We predicted the cell-type identity at class, subclass and supertype levels of each cell using its 3D spatial coordinates and the majority votes of the cell’s KNNs. The confusion matrix between the actual cell-type identity and the predicted cell type (Extended Data Fig. 15) indicates the cell types that colocalized in the same spatial location.

We first compared the joint clustering result with the independent clustering result from each dataset. We then sorted the data by marker genes for each dataset. For each marker gene, we computed the Pearson correlation between its average expression for each cluster across two different datasets to quantify the consistency of its expression at the cluster level between datasets (Extended Data Fig. 7d. We performed a similar analysis between 10xv3 and MERFISH datasets.

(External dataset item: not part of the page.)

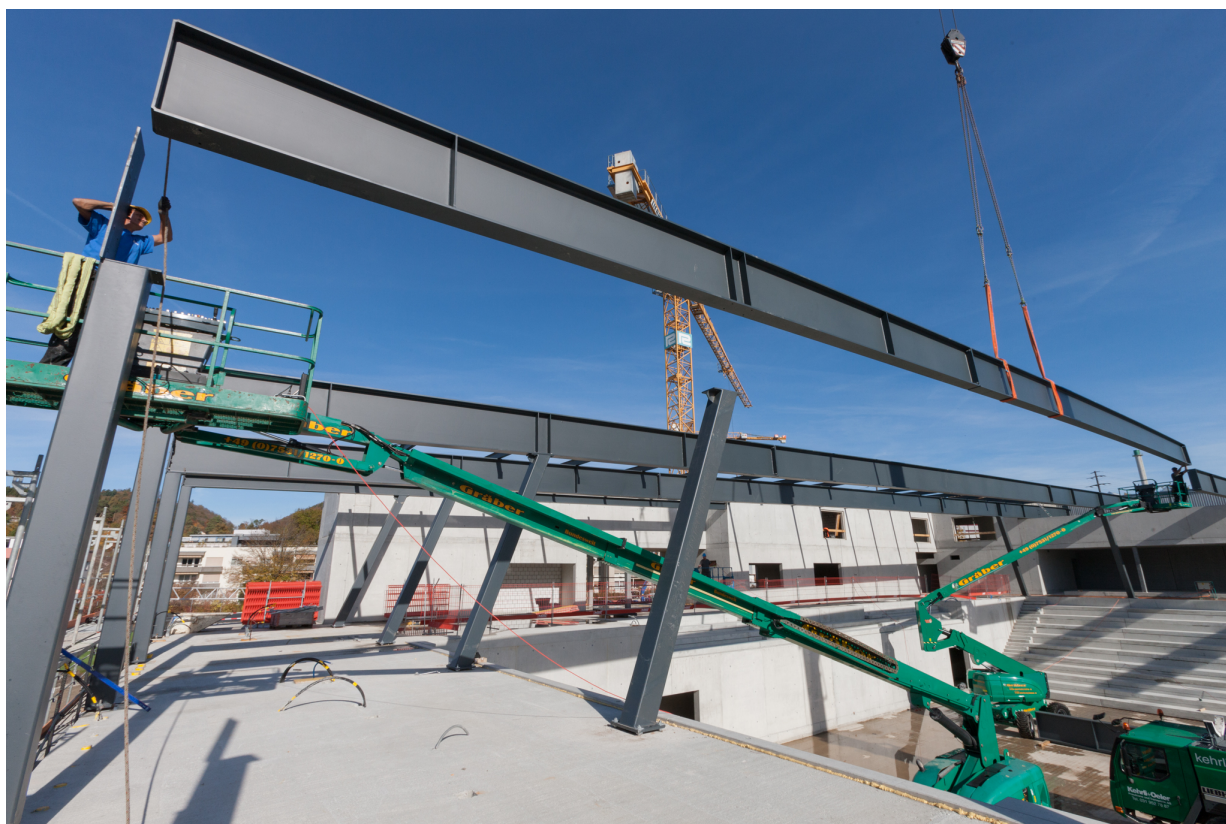
Die Montage der Stahlkonstruktion des Hallendachs
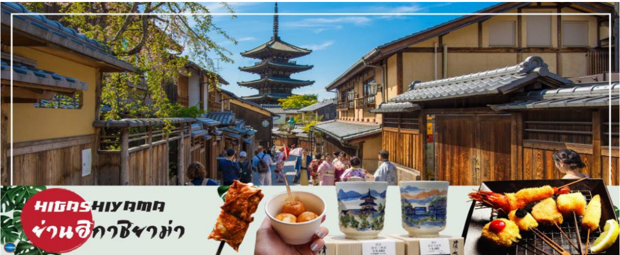
HIGASHIYAMA ย่านฮิกาชียามา

นำท่านสู่ วัดคิโยมิสึเดระ (Kiyomizu-dera) แปลเป็นภาษาไทยว่า วัดน้ำใส เป็นวัดที่มีชื่อเสียงที่สุดในเมืองเกียวโต สร้างขึ้นมาก่อนที่เกียวโตจะเป็นเมืองหลวงของญี่ปุ่น เมื่อปี ค.ศ.778 นักท่องเที่ยวนิยมเดินทางมาเพื่อสักการะและขอพรจากองค์พระโพธิสัตว์เจ้าแม่กวนอิม 11 พักตร์ 1000 กร ซึ่งเป็นพระประธานของวัด นอกจากนี้ที่นี่ยังเป็นที่ประดิษฐานของเทพเอบิสุผู้เป็นเทพเจ้าแห่งความร่ำรวยมั่งคั่ง ตัววัดก่อสร้างด้วยไม้เกือบทั้งหมดแต่ที่นาสนใจ ได้แก่ เสาที่ค้ำยันระเบียงวัดขนาดใหญ่ เสาดังกล่าวประกอบไปด้วยเสาไม้ขนาดใหญ่จำนวนร้อยกว่าต้น สร้างขึ้นด้วยไม้ขนาดใหญ่สูงจากพื้น 12 เมตร โดยไม้ใช้ตะปูแม้แต่ตัวเดียว อาคารไม้หลังนี้ได้รับการขึ้นทะเบียนเป็นมรดกโลกทางวัฒนธรรมในปี 1994 จากองค์การยูเนสโกในฐานะส่วนหนึ่งของอนุสาวรีย์ทางประวัติศาสตร์เมืองเกียวโต

The Brain Map helps to define brain regions for profiling and boundaries for dissection. We covered all regions of the brain using sampling at top-ontology level with judicious joining of neighbouring regions (Extended Data Fig. The Supplementary Table 3 is the 1d and e table. These choices were guided by the fact that microdissections of small regions were difficult. Joint dissection of neighboring regions is sometimes necessary to get enough cells for profiling. The MERFISH data showed that our CCFv3-based microdissections were mostly accurate at cell and brain region levels.

After registration to CCFv3, we found that out of 554 terminal regions (grey matter only, Supplementary Table 1), there were only 7 small subregions completely missed in the MERFISH dataset: frontal pole, layer 1 (FRP1), FRP2/3, FRP5, accessory olfactory bulb, glomerular layer (AOBgl), accessory olfactory bulb, granular layer (AOBgr), accessory olfactory bulb, mitral layer (AOBmi) and accessory supraoptic group (ASO).

The registration was done at 10m in the sky. A reference image was created for each section by the number of spots found in a 10 10 m grid. A single image was created across all probes by taking the maximum count for each grid unit. The midline was manually determined by annotating the most dorsal and most ventral point. These points were then used to compute a rigid transform to rotate the section upright and centre in the middle. This set of images was placed in order to create a configuration for registration.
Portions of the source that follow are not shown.